6. Out of the three charges framed against the appellant, charge Nos.1 and 3 relate to the occurrence on 26.09.2004 and charge No.2 relates to the occurrence on 27.09.2004. In respect of the possession of illicit arrack and also sale of a tumbler full of illicit arrack to P.W.1, the prosecution relies only on the evidence of P.W.1. The learned Government Advocate [criminal side] would, however, submit that apart from the evidence of P.W.1, there are evidences of P.W.2 and P.W.3 Doctor to corroborate. But, the learned counsel for the appellant would submit that the evidence of P.W.1 is highly unreliable. Further, the evidence of P.Ws.2 and 3 would not go to corroborate the evidence of P.W.1 in any manner. He would further point out that the fact that P.W.1 declined to go for blood and urine test would go to show that he has not come forward with the true version. Therefore, according to the learned counsel, the appellant is entitled for acquittal.
7. I have considered the above rival submissions.

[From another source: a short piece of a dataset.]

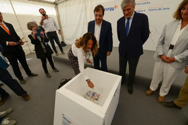 En el acto de puesta de primera piedra han asistido el presidente de la Junta de Extremadura, Guillermo Fernández Vara, y el presidente de Naturgy, Francisco Reynés, acompañados del alcalde de Plasencia, Fernando Pizarro, y la consejera de Transición Ecológica y Sostenibilidad, Olga García. También han participado el director general de Renovables, Nuevos Negocios e Innovación de Naturgy, Jorge Barredo; el director general de Sostenibilidad, Reputación y Relaciones Institucionales, Jordi García Tabernero, y el director general de Industria, Samuel Ruiz, junto a otros representantes de Naturgy y de las administraciones extremeñas.
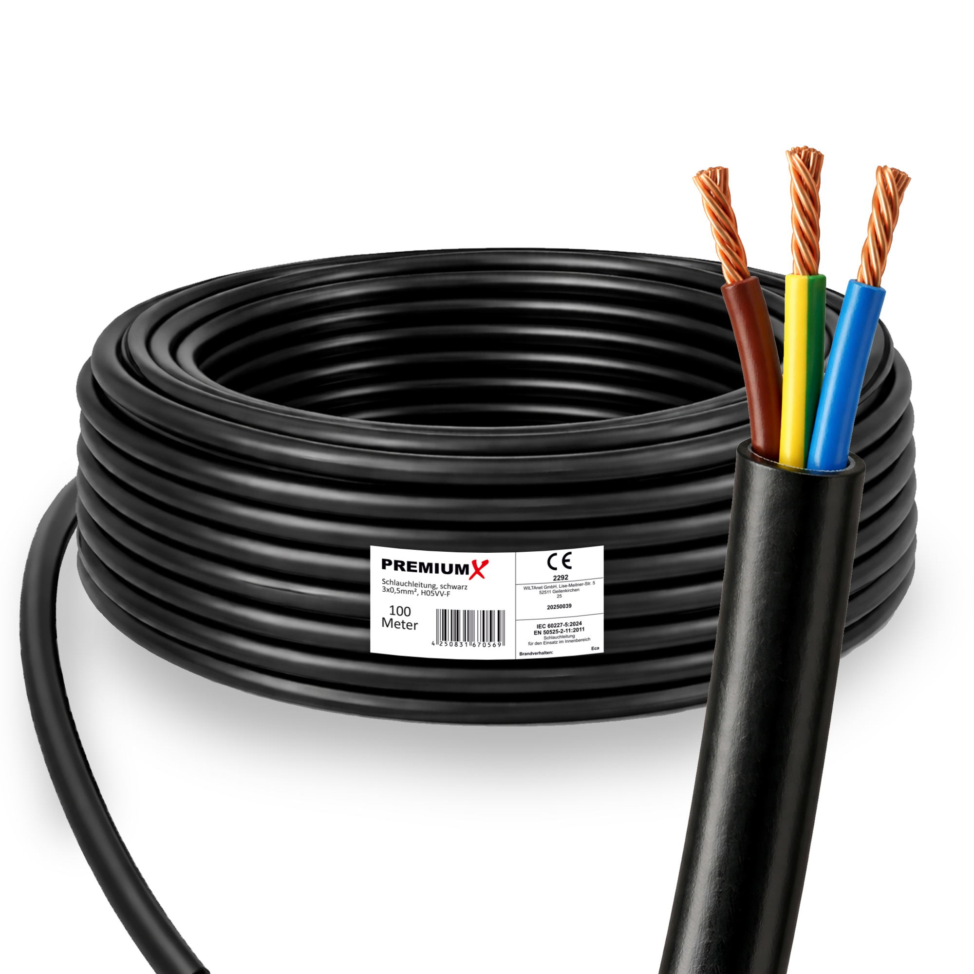 PremiumX Schlauchleitung H05VV-F 3x0,5 mm² 100 Meter flexible Anschlussleitung PVC

8. At the out set I have to state that though P.W.1 has been cited as an independent witness, he is in no better place than of an accomplice. It is not necessary that to treat a person as an accomplice, he should have been arrayed as an accused originally and then pardon should have been extended to him under Section 309 of Cr.P.C. In this regard, we may refer to the judgement of the Hon'ble Supreme Curt in Bhiva Doulu Patil v. State of Maharashtra, AIR 1963 SC 599 wherein the Hon'ble Supreme Court in paragraph 9 has held as follows:-
"7. The combined effect of Ss. 133 and 114, illustration (b) may be stated as follows : According to the former, which is a rule of law, an accomplice is competent to give evidence and according to the latter which is a rule of practice it is almost always unsafe to convict upon his testimony alone. Therefore though the conviction of an accused on the testimony of an accomplice cannot be said to be illegal yet the Courts will, as a matter of practice, not accept the evidence of such a witness without corroboration in material particulars. The law may be stated in the words of Lord Reading C.J. in R. v. Baskerville 1962-2 KB 658 as follows:-
"There is no doubt that the uncorroborated evidence of an accomplice is admissible in law [R. v. James Attwood, (1787) 1 Leach 464]. But it has been long a rule of practice at common law for the judge to warn the jury of the danger of convicting a prisoner on the uncorroborated testimony of an accomplice, and in the discretion of the Judge, to advise them not to convict upon such evidence, but the judge should point out to the jury that it is within their legal province to convict upon such unconfirmed evidence [R. v. Stubbs, (1855) Dears C C 555; in re, Meunier, 1894-2 Q.B. 415]"
We, therefore, allow this appeal, set aside the order of conviction and direct that the appellant be released forthwith."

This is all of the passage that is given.